[Exercise instructions] Your response should consist of the entries below, reproduced exactly and without their images.
▶
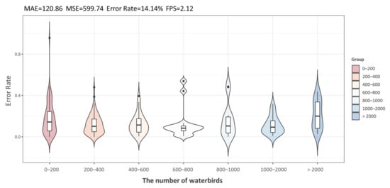 Distribution of absolute error rates in each group. The x-axis represents a grouping of panoramic images of different bird populations of magnitude. The number of birds contained in the panoramic image has different effects on the accuracy of the model.
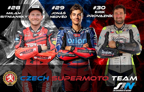 Český národní tým pro FIM Supermoto of Nations 2025 je připraven. Do domácího závodu, který se pojede 27. a 28. září ve Vysokém Mýtě, nastoupí Milan Sitnianský, Jonáš Nedvěd a Erik Provazník. Trojice zkušených jezdců je stálicí světového šampionátu S1GP a podle manažera Davida Novotného představuje silnou sestavu. „Národní tým jsme složili z velmi zkušených závodníků s lídrem Milanem Sitnianským. Všichni tři jsou účastníci mistrovství světa, takže věříme, že společně s nimi můžeme dosáhnout na přední příčky. Největší odměnou by pro nás bylo samozřejmě pódium před domácími fanoušky,“ řekl manažer české reprezentace David Novotný.
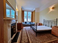 A massive double room is now available on the first floor of a charming Victorian house, featuring very high ceilings, an abundance of natural light, and multiple large windows that create a bright and airy atmosphere.
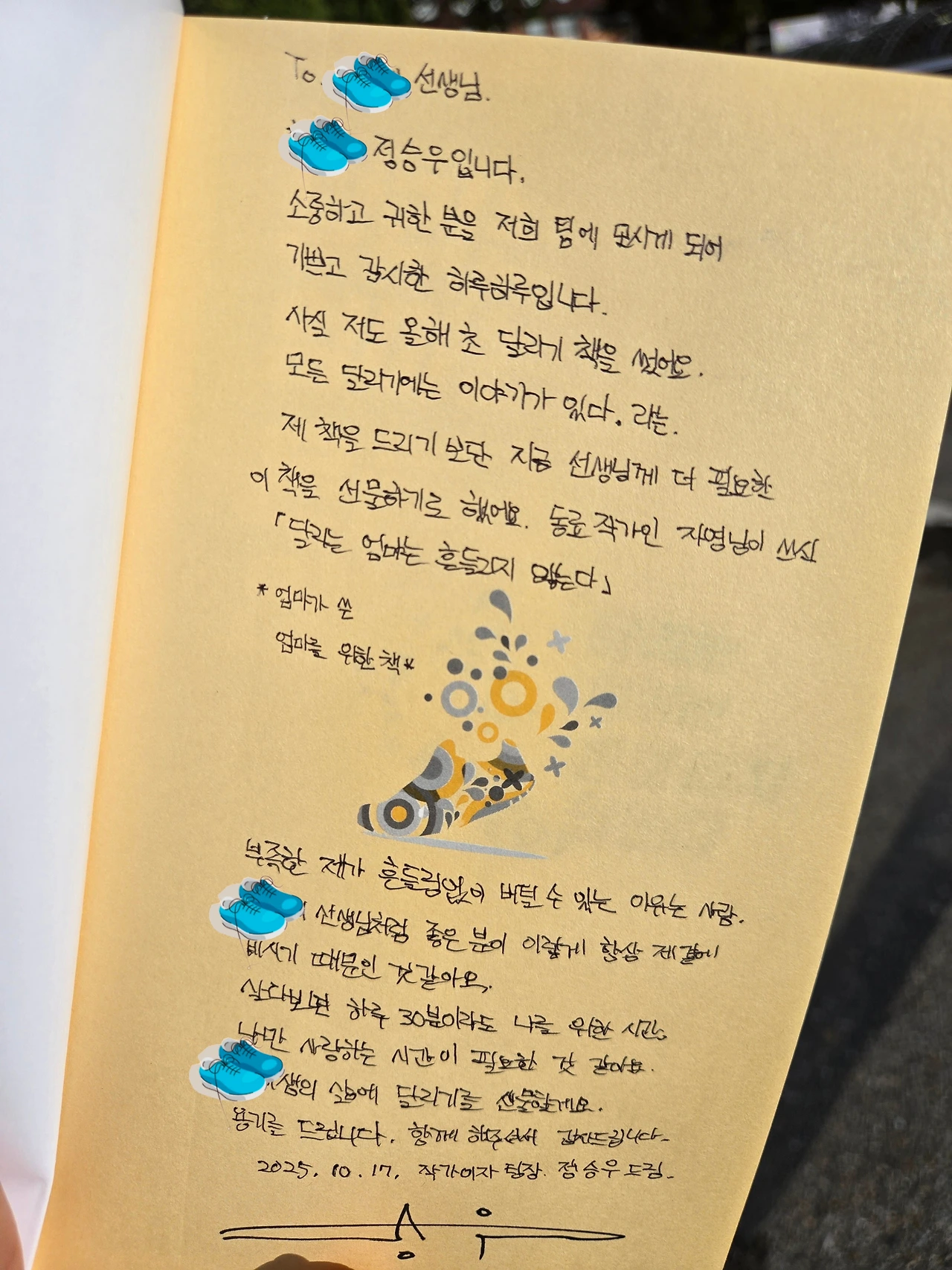 제 책을 드릴까 하다가 선생님 마음에 더 가까이 닿을 책을 선물하기로 했어요. 자영 작가님이 쓴 '달리는 엄마는 흔들리지 않는다.' 예요.
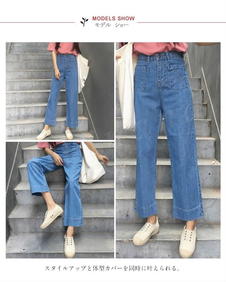 ガウチョパンツ denim ワイドパンツ デニム 通勤 OL ロングパンツファション レディースボトムス
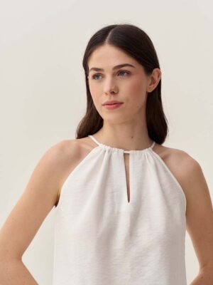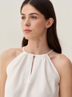 TOP DE LINO CUELLO HALTER CON APERTURA EN ESCOTE, FRUNCES EN DELANTERO Y ESPALDA Y TIRAS REGULABLES
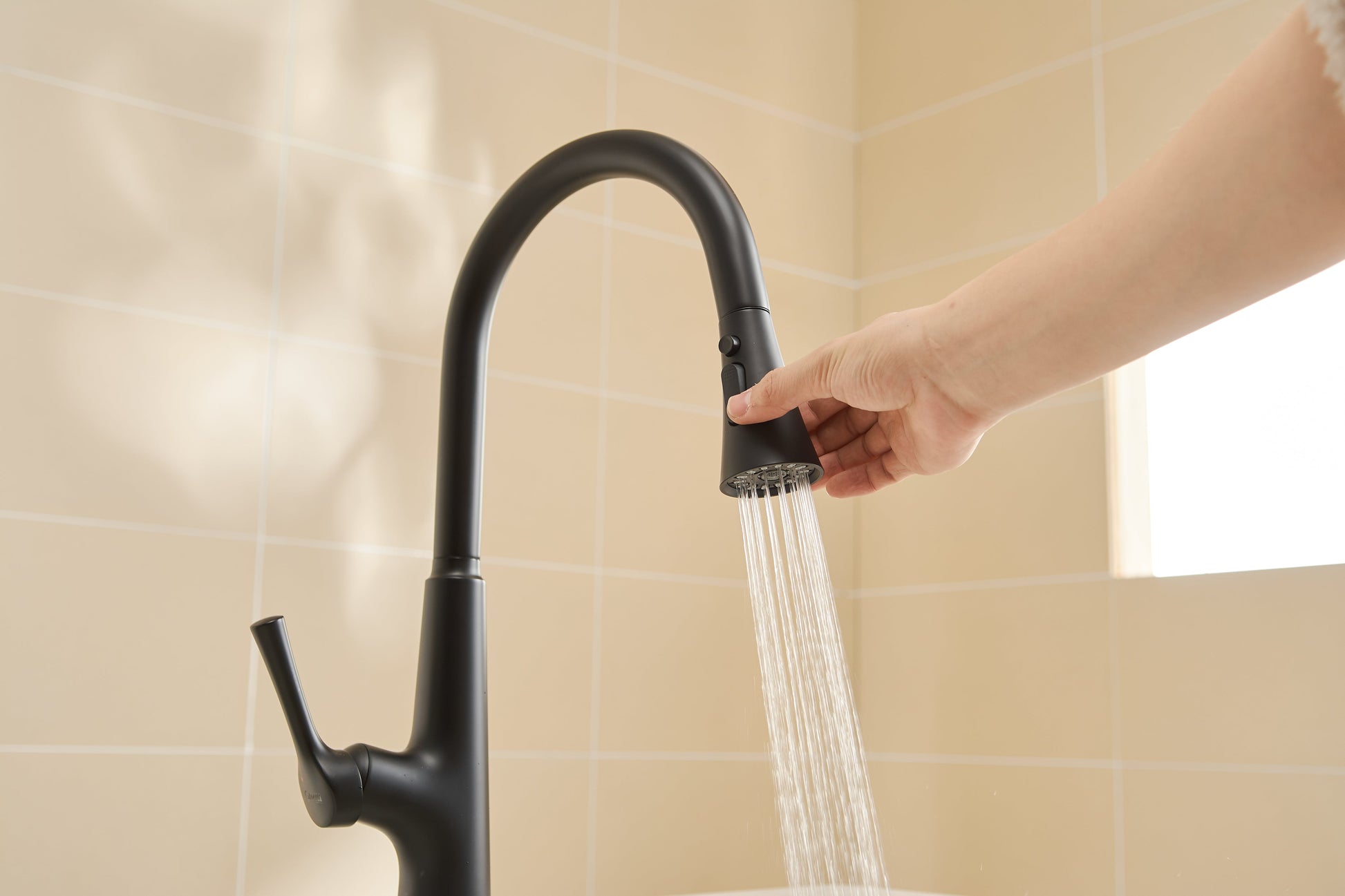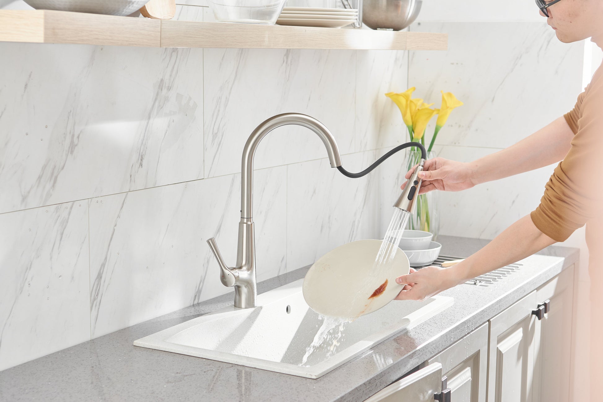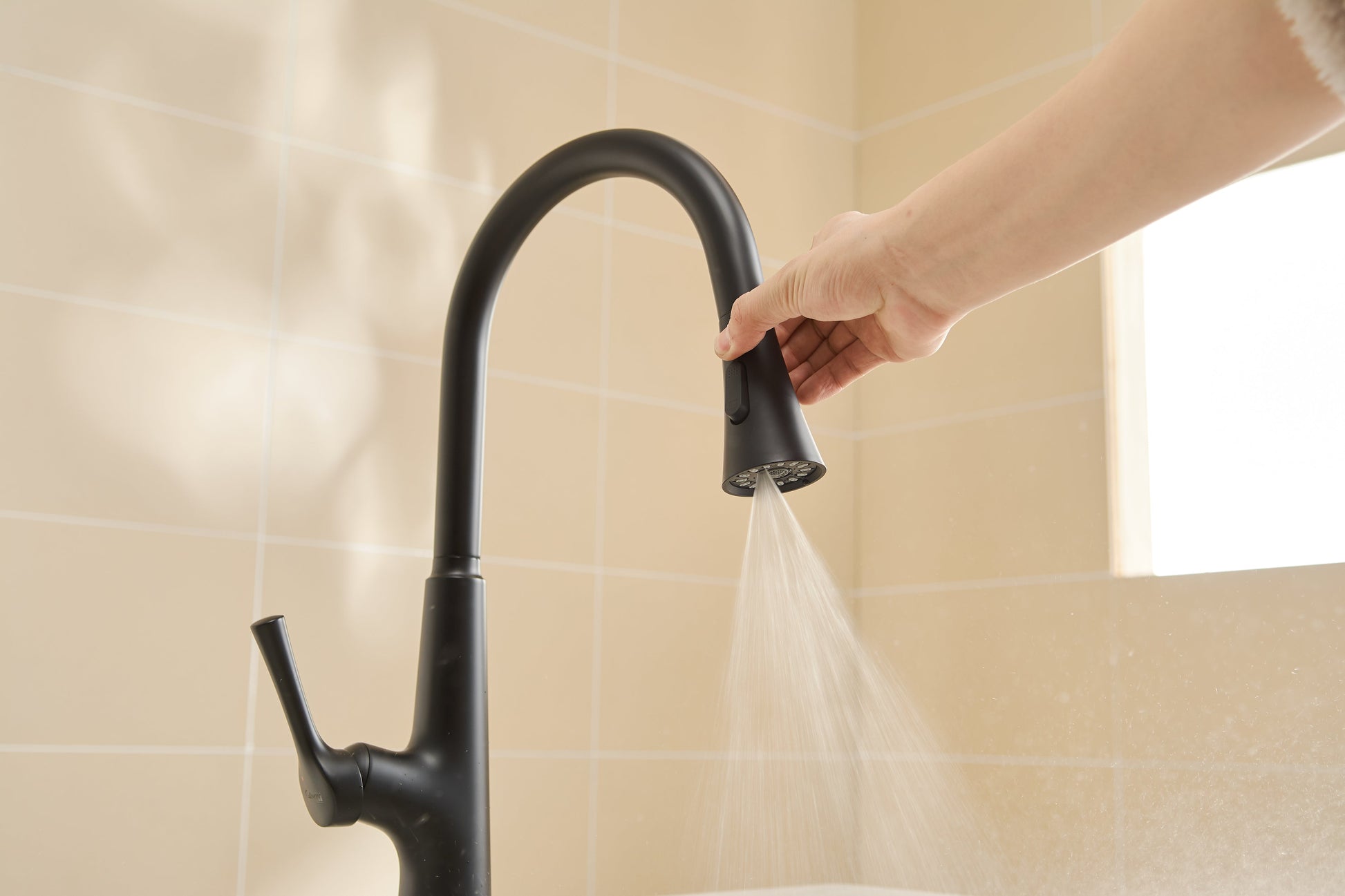 Perfect for busy kitchens, this faucet cuts down on germ transfer so that you no longer have to touch the faucet spout or handle when cleaning up after messy tasks like preparing raw foods. The conveniently located sensor sits on the side of the faucet to avoid interference with dishwashing and other kitchen tasks. The design features a pull-down spray head for superior maneuverability and an extended range of motion, allowing you to bend, flex, pivot, and reach all around the kitchen sink. The dual-function sprayer switches from aerated stream to powerful spray to rinse dishes and wash away stubborn residue. Heavy-duty construction and premium components ensure long-lasting use.
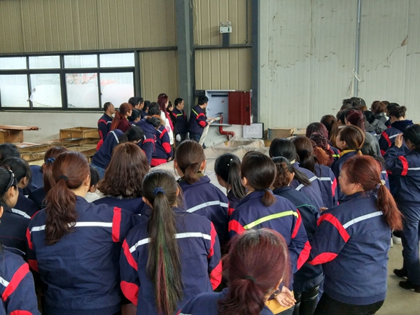 下午2點,公司消防演習準時開始,各部門參與消防演習的員工從車間逃生,快速有效的到達緊急集合點,車間員工則按照各車間負責人指示從安全通道及時有序撤離,及時到達緊急集合處。
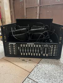 Vendo set completo di illuminazione professionale, i Par Led entrano perfettamente dentro il Flight Case così da essere tutto insieme ed essere trasportato tutto in uno insieme alla centralina, composto da 8 PAR LED DMX RGB, centralina 192 DMX e flight case rigido, usato pochissime volte e in condizioni eccellenti (pari al nuovo).
◀
[Result]
 Distribution of absolute error rates in each group. The x-axis represents a grouping of panoramic images of different bird populations of magnitude. The number of birds contained in the panoramic image has different effects on the accuracy of the model.
 Český národní tým pro FIM Supermoto of Nations 2025 je připraven. Do domácího závodu, který se pojede 27. a 28. září ve Vysokém Mýtě, nastoupí Milan Sitnianský, Jonáš Nedvěd a Erik Provazník. Trojice zkušených jezdců je stálicí světového šampionátu S1GP a podle manažera Davida Novotného představuje silnou sestavu. „Národní tým jsme složili z velmi zkušených závodníků s lídrem Milanem Sitnianským. Všichni tři jsou účastníci mistrovství světa, takže věříme, že společně s nimi můžeme dosáhnout na přední příčky. Největší odměnou by pro nás bylo samozřejmě pódium před domácími fanoušky,“ řekl manažer české reprezentace David Novotný.
 A massive double room is now available on the first floor of a charming Victorian house, featuring very high ceilings, an abundance of natural light, and multiple large windows that create a bright and airy atmosphere.
 제 책을 드릴까 하다가 선생님 마음에 더 가까이 닿을 책을 선물하기로 했어요. 자영 작가님이 쓴 '달리는 엄마는 흔들리지 않는다.' 예요.
 ガウチョパンツ denim ワイドパンツ デニム 通勤 OL ロングパンツファション レディースボトムス
 TOP DE LINO CUELLO HALTER CON APERTURA EN ESCOTE, FRUNCES EN DELANTERO Y ESPALDA Y TIRAS REGULABLES
 Perfect for busy kitchens, this faucet cuts down on germ transfer so that you no longer have to touch the faucet spout or handle when cleaning up after messy tasks like preparing raw foods. The conveniently located sensor sits on the side of the faucet to avoid interference with dishwashing and other kitchen tasks. The design features a pull-down spray head for superior maneuverability and an extended range of motion, allowing you to bend, flex, pivot, and reach all around the kitchen sink. The dual-function sprayer switches from aerated stream to powerful spray to rinse dishes and wash away stubborn residue. Heavy-duty construction and premium components ensure long-lasting use.
 下午2點,公司消防演習準時開始,各部門參與消防演習的員工從車間逃生,快速有效的到達緊急集合點,車間員工則按照各車間負責人指示從安全通道及時有序撤離,及時到達緊急集合處。
 Vendo set completo di illuminazione professionale, i Par Led entrano perfettamente dentro il Flight Case così da essere tutto insieme ed essere trasportato tutto in uno insieme alla centralina, composto da 8 PAR LED DMX RGB, centralina 192 DMX e flight case rigido, usato pochissime volte e in condizioni eccellenti (pari al nuovo).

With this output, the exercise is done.